Chicken biryani is among the ancient recipes of Indian cuisine. The recipe has Iranian origins and the word "biryani" is derived from the Persian word "berya," which means roasted.
It has a lengthy preparation but the delicious taste is worth it. The interesting thing about this dish that you can play around with your ingredients to try out new tastes.
2 kilos boneless chicken
1 kilo basmati rice
1/2 teaspoon ground black pepper
1 teaspoon cumin (minced)
3 tablespoons vegetable oil
1 tablespoon ginger (minced)
1/2 teaspoon chili powder (optional)
3 tablespoons thick curd yogurt
2 cinnamon sticks
2 onions (chopped)
1 1/2 garlic
salt to taste
1) Fry half the garlic, ginger and onion in a large pot, then add half the black pepper, cinnamon, yogurt, cumin, chili, salt and cloves. Stir for 5-10 minutes over a low heat, making sure the mixture does not get dry.
2) Add the chicken pieces to the spice mixture and mix. Cover the pot tightly and simmer for 45 minutes till the chicken is tender.
3) Rinse the rice and soak it in water with some oil for 30 minutes, then drain.

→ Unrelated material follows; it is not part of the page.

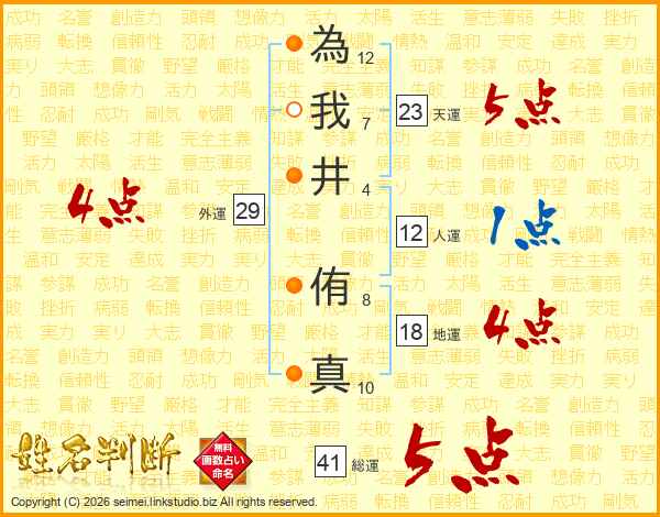 為(12画)我(7画)井(4画) 侑(8画)真(10画)

4) Prepare the remaining onions and spices as in the first step, and cook in vegetable oil in a saucepan, stirring. Add the rice and stir until cooked.
5) If the chicken has cooled, warm up over a low heat.
6) When hot, put the chicken into a large deep serving pot and press it to the bottom.
7) Add rice to the chicken and mix. Cover with a tight-fitting lid and leave for 15 minutes on a medium heat.